Abbas Güçlü

Abbas Güçlü

aguclu@milliyet.com.tr

Tüm Yazıları
Haberin Devamı

Bugün 23 Nisan, neşe doluyor insan. İlkokuldayken 23 Nisan'larda hep bu şarkıyı söylerdik. Hâlâ söyleniyor mu? Sanmam. Çünkü çocuklar da gençler de çok mutlu değil.
Eskiden daha mı mutluyduk? En azından daha yüksek moral değerlere sahiptik. En azından geleceğe daha bir umutla bakabiliyorduk...
Peki bugünün çocukları neden neşeli değil? Neden mutsuz? Neden gelecek endişesi içinde?
Bu konuda yüzlerce madde sıralanabilir. Ama sanki en önemlisi, çocukluklarını doya doya yaşayamıyorlar.
Sadece o kadar mı?
Hâlâ bebek ölümlerinde dünyada en ön sıralardayız.
Yeni doğan yüz binlerce çocuğumuzun nüfus kaydı bile yok.
Okulöncesi eğitimde Avrupa'nın en gerisindeyiz.
Anayasal bir zorunluluk olmasına rağmen, yüz binlerce, hatta milyonlarca çocuğumuz temel eğitim hakkından yararlanamıyor.
İyi okul bulmak, zorun da ötesinde, olanaksız gibi.
Anadolu liseleri, kolejler ve fen liseleri için SBS yarışı ilköğretim 3'üncü, 4'üncü sınıflara kadar indi.
Ekonomik durumu iyi olmayanların iyi eğitim alma hakkı her geçen gün azalıyor.
Mesleki eğitim can çekişir hale geldi.
Üniversiteyi kazanmak, mezun olmak, iş bulmak bir ömür törpüsü haline geldi...
Böylesi bir ortamda, dünyada çocuk bayramı olan tek ülke olsak ne olacak, olmasak ne olacak!
Yılda bir kez, birkaç dakikalığına, onları en önemli koltuklara oturtup gururlarını okşayarak neyi değiştirebileceğiz?
Bir parmak bal artık onları mutlu etmiyor. Daha fazlasını istiyorlar. Eğitimin de, yaşamın da, geleceğin de.
Ne olur onlar çocuk, çabuk unuturlar, o kadarına da akılları ermez deyip geçmeyin.
Her şeyin öylesine farkındalar ve miniminnacıkken öylesine derin yaralar alıyorlar ki, bir ömür boyu onun izlerini taşıyorlar. Bir bölümünün görüşlerini en azından bu gece Genç Bakış'ta izleyebilirsiniz.
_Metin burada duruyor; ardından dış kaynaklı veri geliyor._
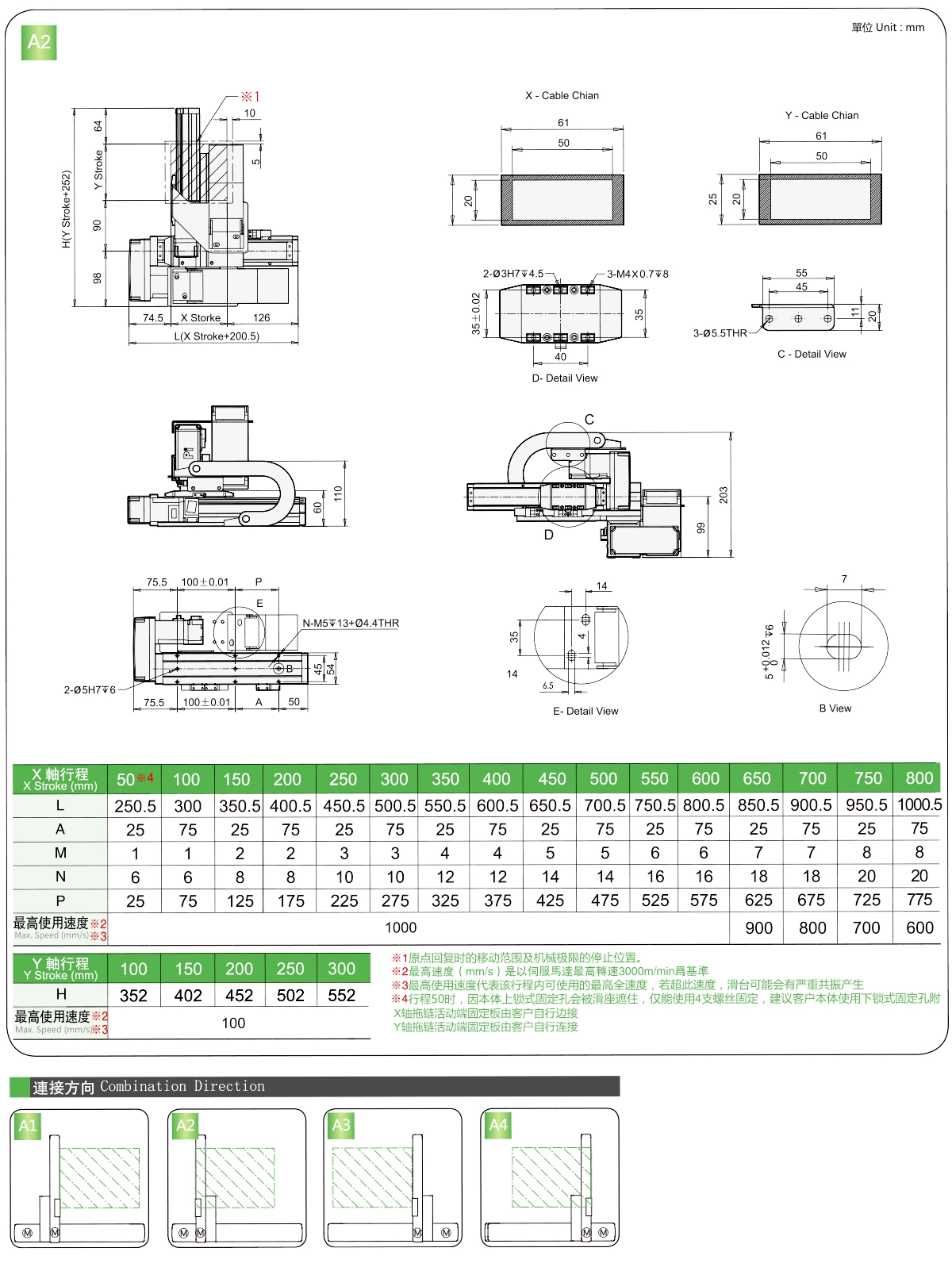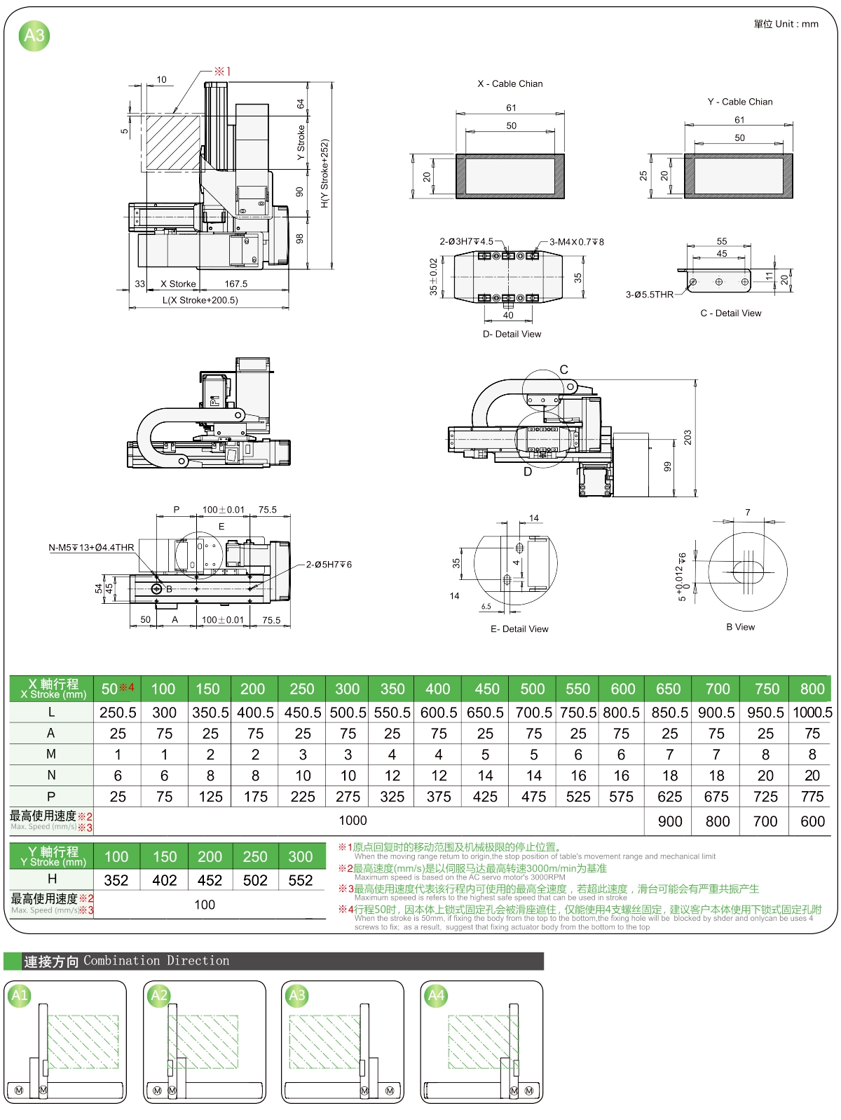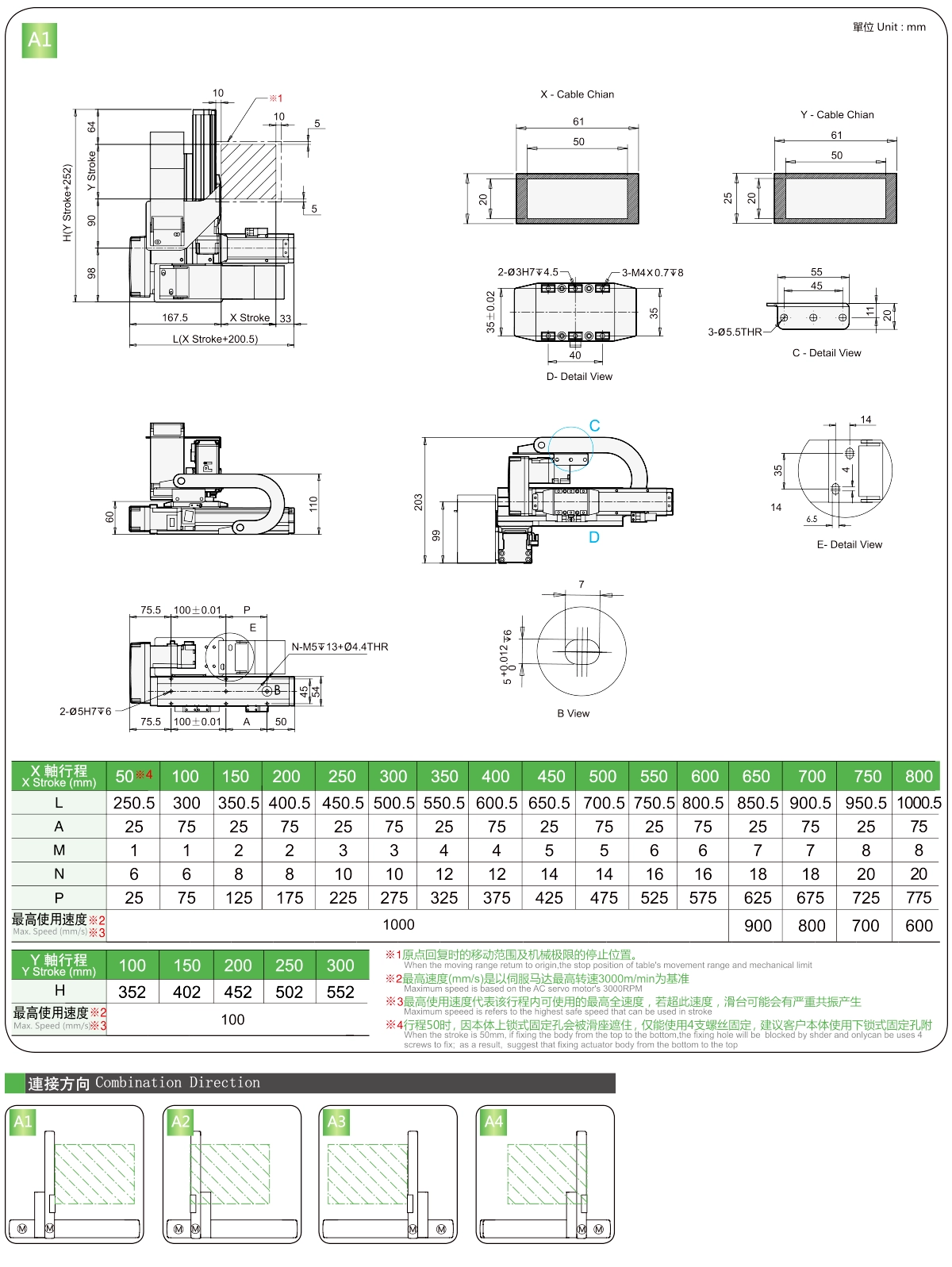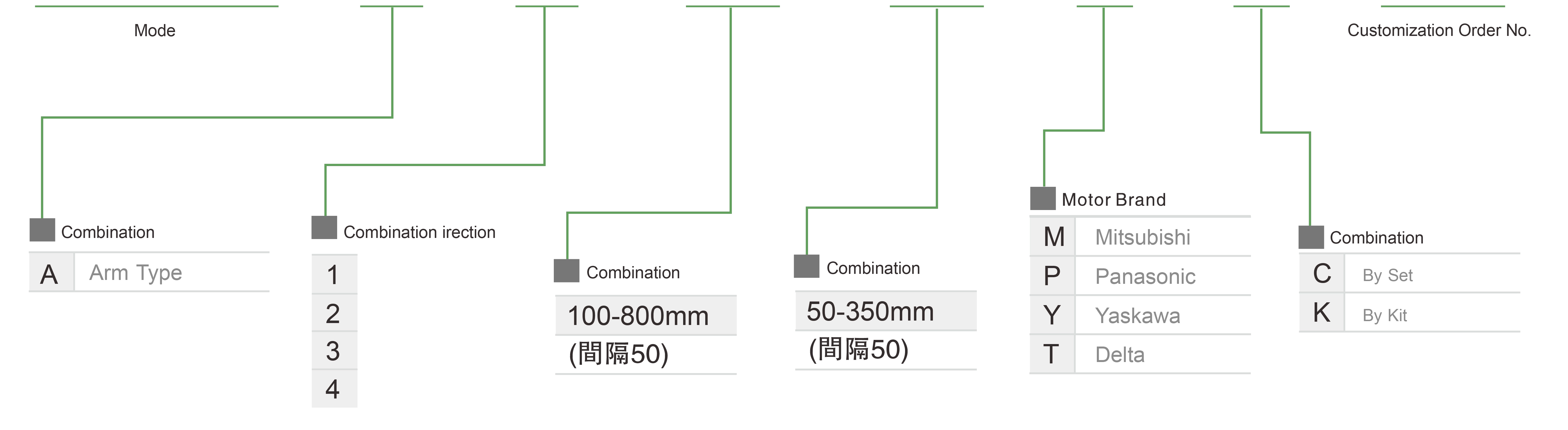 | 使用地点 | 驱动模式 | 型号规格 | 组合 | 轴编号 | 带领 | 最大速度(毫米/秒) | 行程(毫米) | ||||||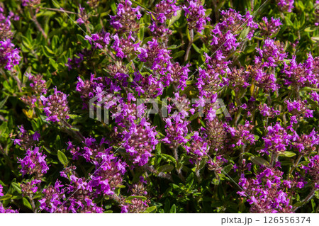 The macrophoto of herb Thymus serpyllum, Breckland thyme. Breckland wild thyme, creeping thyme, or elfin thyme blossoms close up. Natural medicine. Culinary ingredient and fragrant spice in habitat

Kendileriyle yaptığımız röportajlarda öylesine çarpıcı sorular sorup yorumlar yapmışlar ki, şaşıp kaldık.
Bu yüzden, çocuklara karşı samimi olmak, onların devleti yönetenlerin umurunda olmadığını söylemek, galiba en dürüstçesi olur.
Merak ediyorum, bugün Başbakanlık koltuğuna oturacak çocuk Başbakan, gerçek Başbakan'a, "Siz ille de 3 çocuk yapın dediniz. Peki, onlar için ne yaptınız?" sorusunu soracak mı?..
Demokrasinin neresindeyiz?
Genç Bakış'ta bugün ilginç bir konuyu tartışacağız. Program ODTÜ'de. Ankara'nın demokrasi konusunda ne kadar samimi ve içten olduğunu sorgulayacağız. Meclis ve siyasi partiler ne kadar demokratik? Bu sorunun cevabını arayacağız.
Örneğin TBMM'de ne kadar konuşma özgürlüğü var? Alınan kararlar, çıkarılan yasalar, ne kadar demokratik yöntemlerle şekilleniyor? Liderlerin mi, yoksa milletvekillerinin mi dediği oluyor? Siyasi partiler özgürlüğün, çok sesliliğin, farklı görüşlerin mi, merkezi yoksa tek sesliliğin mi?
Eminim bu konuda söylenecek çok söz var. Özellikle de bugün. 23 Nisan'da, tam da TBMM'nin kurulduğu bir günde. Mustafa Kemal Meclis'i niye kurdu? Bugün hangi noktada?..
Farklı konuklarımız var. Meclis'teki tek başına muhalefetiyle iktidar partisinin şimşeklerini üzerine çeken ve okkalı bir dayak yiyen, eski TBMM Başkanvekili Kamer Genç, gereğinden fazla konuşunca AKP'de kapı önüne konulan Turhan Çömez ve MHP'den farklı bir ses Tuğrul Türkeş konuğumuz olacak. Ve elbette CHP'den de. O kadar çok isim var ki? O da sürpriz olsun.
Özetin özeti: Demokrasiyi ve çocukları ne kadar çok sevdiğimiz artık sözde kalmamalı...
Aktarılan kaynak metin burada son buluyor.